孝謙女帝が道祖王は先帝の喪中にもかかわらず淫らな行為をしていた、として道祖王の廃位を告げます。


そして、4月に群臣に新しい皇太子は誰が良いか尋ねたときに、

「続日本紀」にやっとこさw永手が登場します❗


この時永手は権中納言中務卿、

聖武上皇の崩御直後に参議を経ずに権中納言となり、

(いつも破格の昇進が譲位や崩御で聖武天皇がいなくなるときというのが何とも不思議💦)

中務卿として、宮中の内々の事務官を統合し詔勅を扱う重要なポストにおりましたが、


右大臣藤原豊成(仲麻呂の兄)とともに


道祖王の兄で(新田部親王の子)

聖武上皇の娘、亡くなった安積親王の同母姉である不破内親王の夫、

塩焼王を推挙します。


一方、長親王(天武皇子)の子の参議、文屋智努ブンヤノチヌは、左大弁大伴古麻呂とともに、

舎人親王(天武皇子)の子、池田王を推します。


この時、大納言の仲麻呂は諮問に際して

「天の意のままに」と答えると


孝謙女帝はそれぞれの王たちに難癖をつけたあと、


池田王の弟、舎人親王の7男である

大炊王を皇太子に指名します。


この大炊王は3歳で父を失ったせいか、出仕することなく官位もありませんでした。


何をしていたかというと、仲麻呂の居候でしたw


仲麻呂の長男は真従マヨリといい、早世していましたが、妻の粟田諸姉モロネはそのまま仲麻呂の家にいました。


平安時代は妻問い婚なのですが、奈良時代は正妻は同居していて、子供も家で大きくなっていったようで、

真従は仲麻呂の正室で永手の姉の袁比良ヲヒラ(宇比良古とも)の子なので、

粟田諸姉も仲麻呂家に嫁ぎ、そのまま住んでいたのでしょう。子供もいたのかもしれませんが、


この諸姉を大炊王に仲麻呂が嫁がせたばかりか、王を養子にするような形で、その邸宅の田村第に住まわせたのです。


つまりはこの会合は仲麻呂の脚本、演出になるもので、

道祖王の行状なんてどうでもよく、

ましてや群臣の意見なんて、はなっから聞く気がなかったと言うことでしょう ゚ ゚ ( Д  )

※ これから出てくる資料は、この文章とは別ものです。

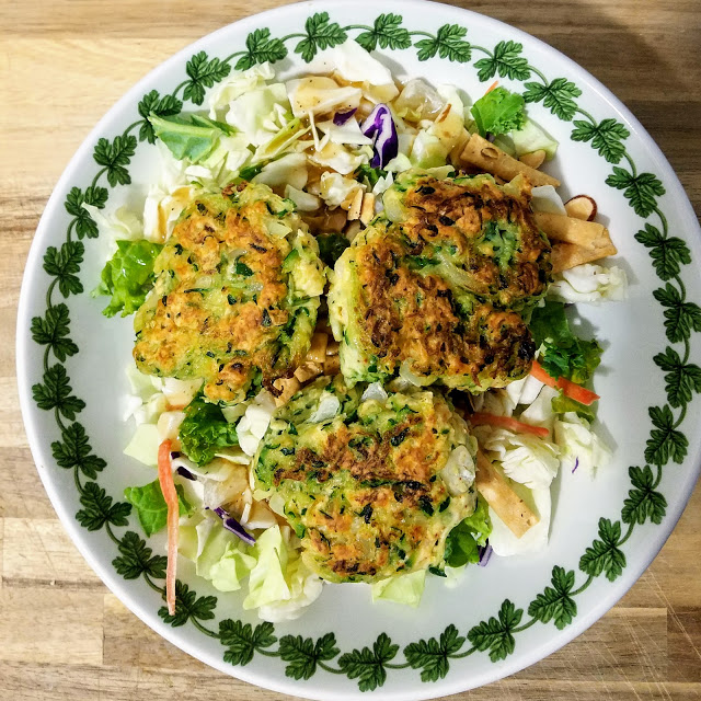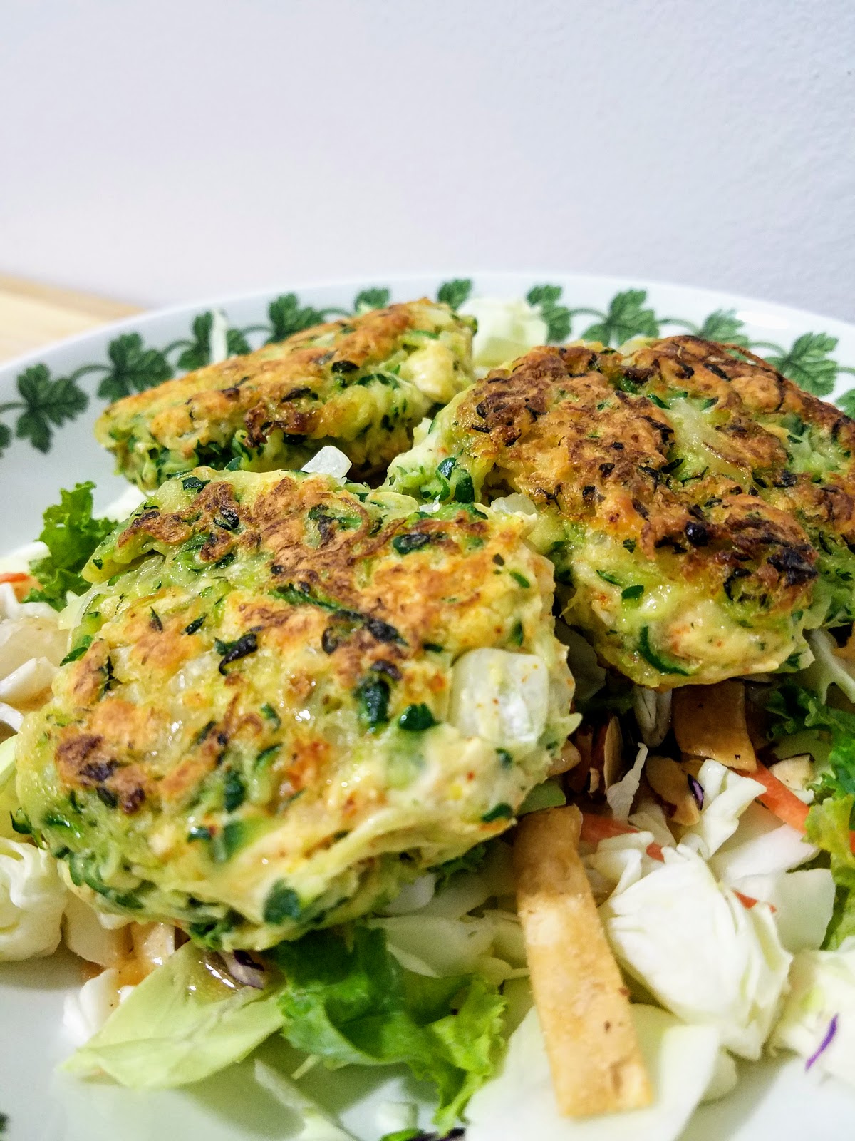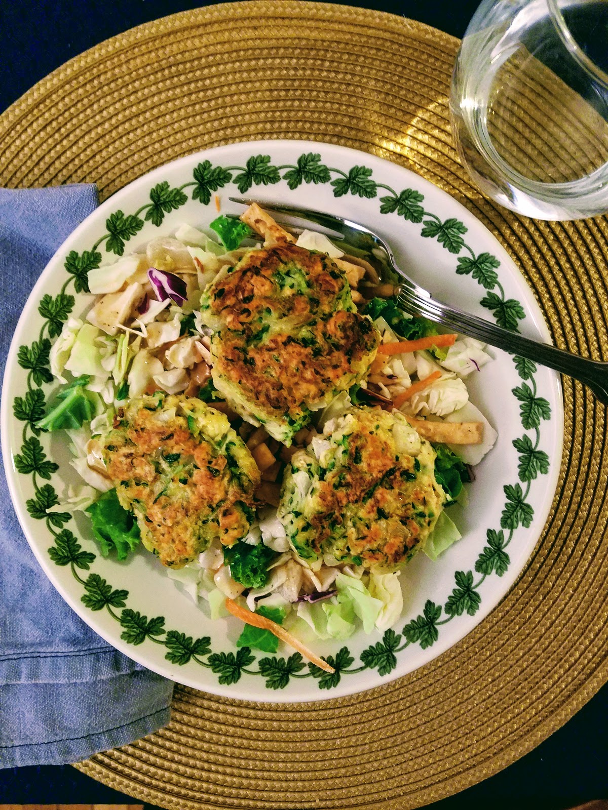 So now begged the question, with what do I accompany the zucchini pancakes? Most times that I order groceries, I order a bag of pre-mixed salad to use for either a few weekday lunches or a quick dinner side dish. For lunch, it’s a great working girl (or boy) hack, and usually you can find at least one brand that is on sale. This week I ordered an Asian Sesame Salad Kit, and I decided to have that with my pancakes. Just thinking about the nice crisp crunch of the cold salad with the warm soft zucchini pancake had me salivating. And let me tell you, it was just as delightful as I had hoped!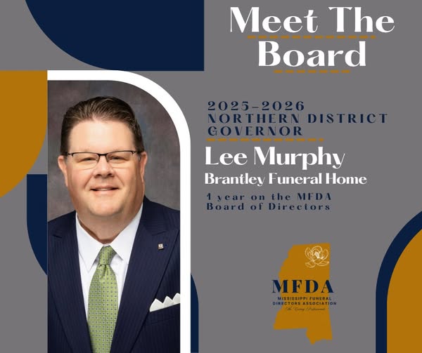 Meet the Board: Lee Murphy Lee Murphy is a Northern District Governor for MFDA and serves as Market Director for Service Corporation International (SCI), overseeing operations across Arkansas and the Memphis Metro area. He is a licensed funeral director and embalmer in both Mississippi and Tennessee and works with Brantley Funeral Home. Originally from the Arkansas Delta, Lee moved to Mississippi in 1998 to attend mortuary school and has been serving families ever since.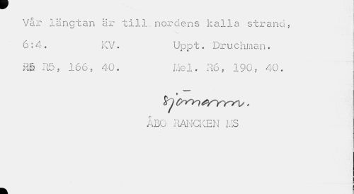 //// Vår längtan är till nordens kalla strand? 6:4. KV. Uppt. Druchman. //// R5, 166, 40. Mel. R6, 190, 40. //// ÅBO RANCKEN MS //// t, ////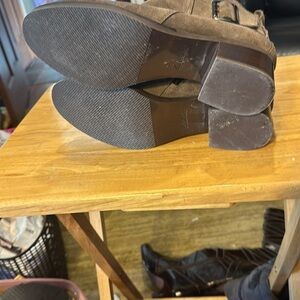 Clark’s beautiful suede boots. They are a dark gray size 6 1/2. Gently used.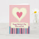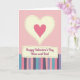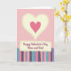 This card shows a large creamy yellow heart in the center, outlined with little dashed stitch marks, with a smaller rose-pink heart sitting inside it. The background is a pale pink gingham pattern that feels cozy and gentle. Below the hearts, there’s a stitched-style banner with the words “Happy Valentine’s Day Mom and Dad” printed across it. The lettering is a smooth, cursive look in a dark color, and it’s easy to read against the light banner. The bottom third of the card is filled with vertical stripes in muted lavender, dusty rose, soft teal, and deeper mauve, each with a lightly woven look. Together, the hearts, stitches, and soft patterns make the card feel caring and close, like a quiet hug ❤️. It’s a meaningful way to thank your parents for their love and support, and it’s easy to give with a smile 🥰 while sharing Valentine’s Day sentiments.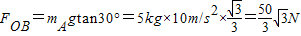 如图所示,物体A、B都处于静止状态,其质量分别为mA=5kg,mB=10kg,OB呈水平,OP与竖直方向成30°角.求物体B受到的摩擦力为多少?(g取10m/s2)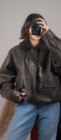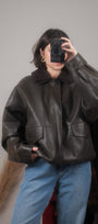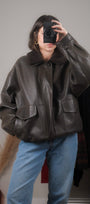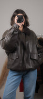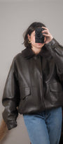 Vintage x Faux Leather Aviator Bomber Jacket (L/XL)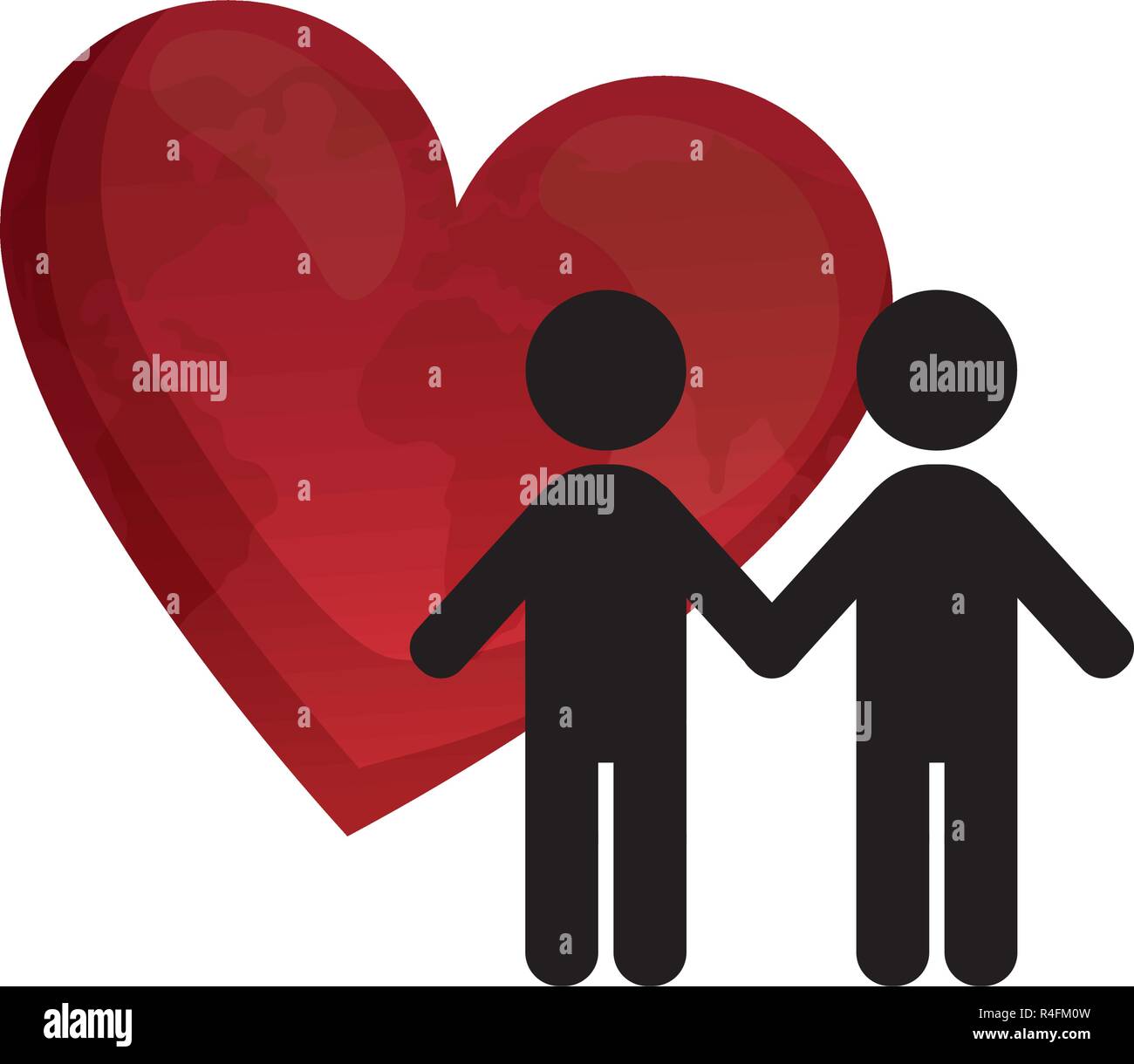 Male Gay Couple Silhouette With Heart Vector Illustration Design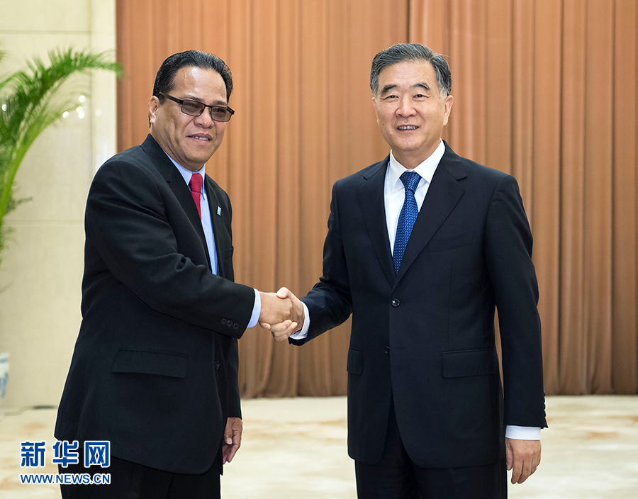 4月24日,全國政協(xié)主席汪洋在北京會見密克羅尼西亞聯(lián)邦國會議長西米納。 新華社記者李濤攝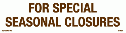 60-459For special seasonal closures. 10.25 x 2.75 horizontal strip decal. White/brown. Reflective.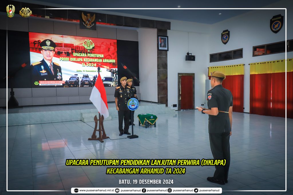 Wadanpussenarhanud Brigjen TNI I Gede Widiyana, S.H., M.Tr(Han). memimpin Upacara Penutupan Pendidikan Diklapa Kecabangan Arhanud TA 2024 pada hari Kamis, 19 Desember 2024 di aula A.H. Nasution Pusdikarhanud Batu Jawa Timur.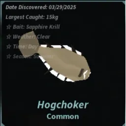 ExtinctThe Hogchoker is a Extinct fish found in the Open Ocean. It makes for an easy catch, moving slow and steady across the fishing bar.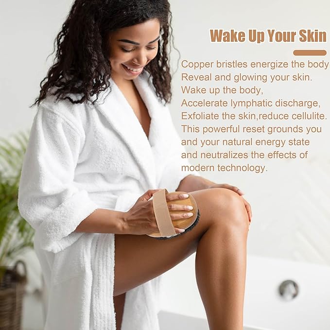 - Effect:Our dry body brush is made with ion charged copper bristles can create negative ions naturally. Perfect for accelerates lymphatic drainage,exfoliation,scrub dead Skin,unclogged pores,smoother and softer skin,Cellulite.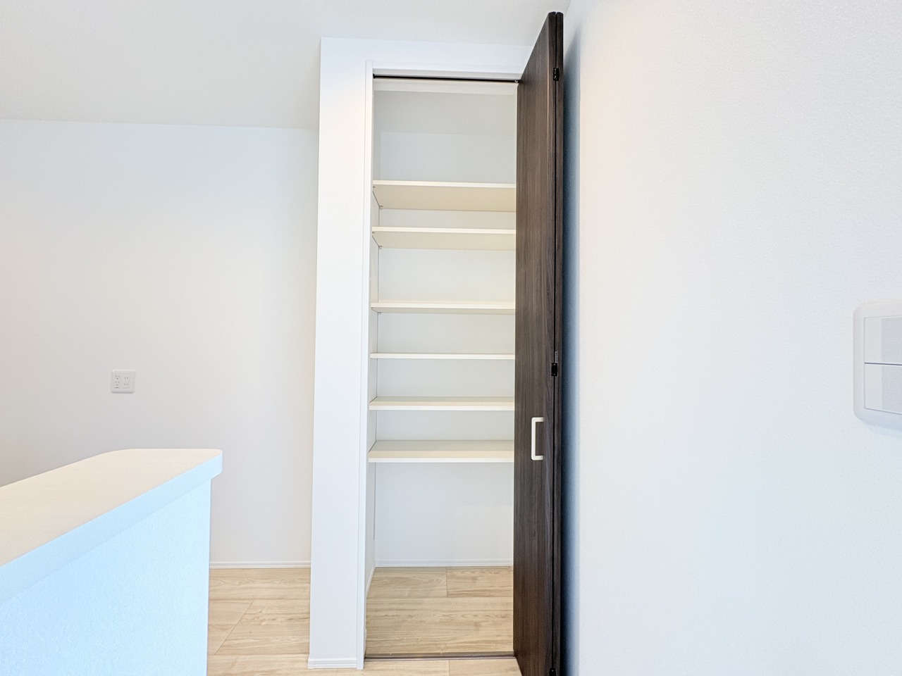 大容量のパントリーがございますので、非常食や食品のストックも沢山置けます。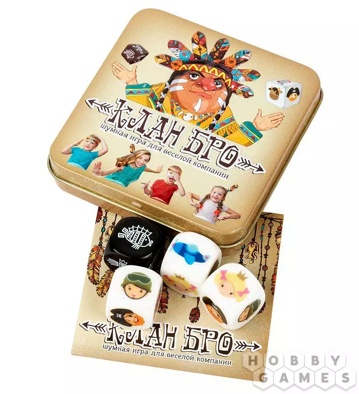 Сможете изобразить пирата только движениями? А солдата только звуками? "Клан Бро" – это настольная игра, которая развивает воображение! Задача каждого игрока проста донельзя: бросьте кубики с персонажами и способами их изображения, и следуйте выпавшему результату. Это весёлая игра, которая обязательно понравится детям! Да, и не забудьте назначить вождя, ведь кто-то же должен следить за правилами!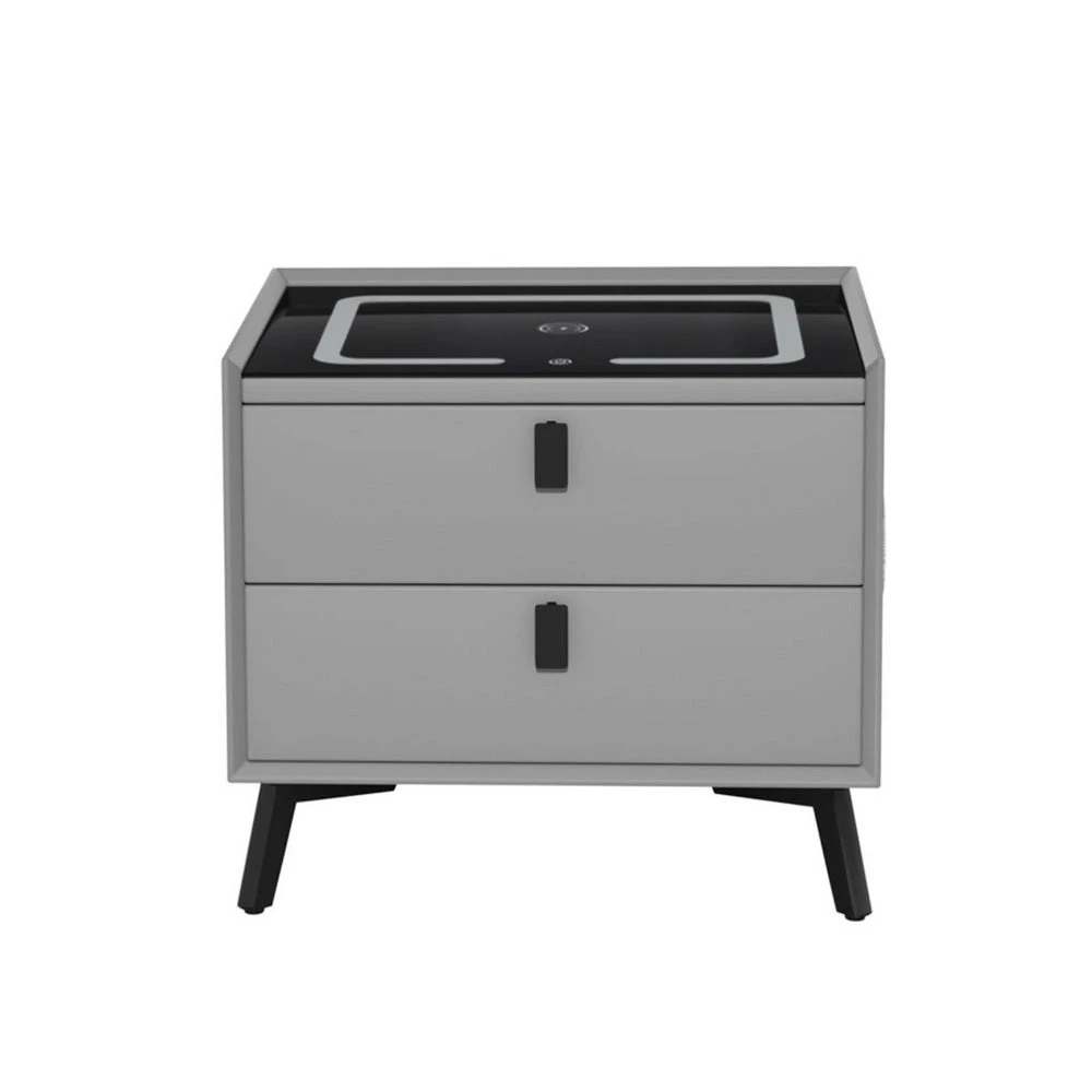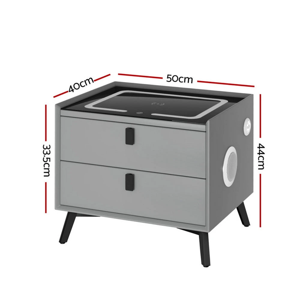 Upgrade your bedroom with the stylish Aika Grey Smart Bedside Table, designed to offer both modern technology and sleek aesthetics. This smart bedside table features wireless charging for Qi-compatible devices, Bluetooth speakers for seamless music streaming, and USB and Type-C charging ports for versatile device charging.

一方永手の推しの塩焼王はこのあと数奇な運命をたどるのですが、それはおいといて…


聖武側近の豊成が、聖武の女婿である塩焼王を推挙したのはともかく


永手がどうして塩焼王を推したのかは不明ですが、のちに同じように聖武上皇の女婿白壁王を光仁天皇にしたのが永手ですから、永手の聖武上皇への思いは強いものがあったようです。


何か後ろめたいのかなあ(^^; 


そしてこれ以来、永手は仲麻呂と協調することなく、独自の道を歩き始めます。


一方北家としては、袁比良が仲麻呂の正室であるほか、同母弟の千尋チヒロも仲麻呂の長女児従コヨリ(袁比良の娘)と結婚し

そのせいか八束も仲麻呂に従うようになっていました。


この直後、仲麻呂の紫微内相(紫微令を大臣格に引き上げたもの)に任じられると同時に、永手も中納言となったものの

天下はもはや仲麻呂のものでした。


永手は政府の中だけでなく、北家の中でも孤立の道を歩み始めたのです。


苦難の多い永手ですが、このあとはまた次回に続きます。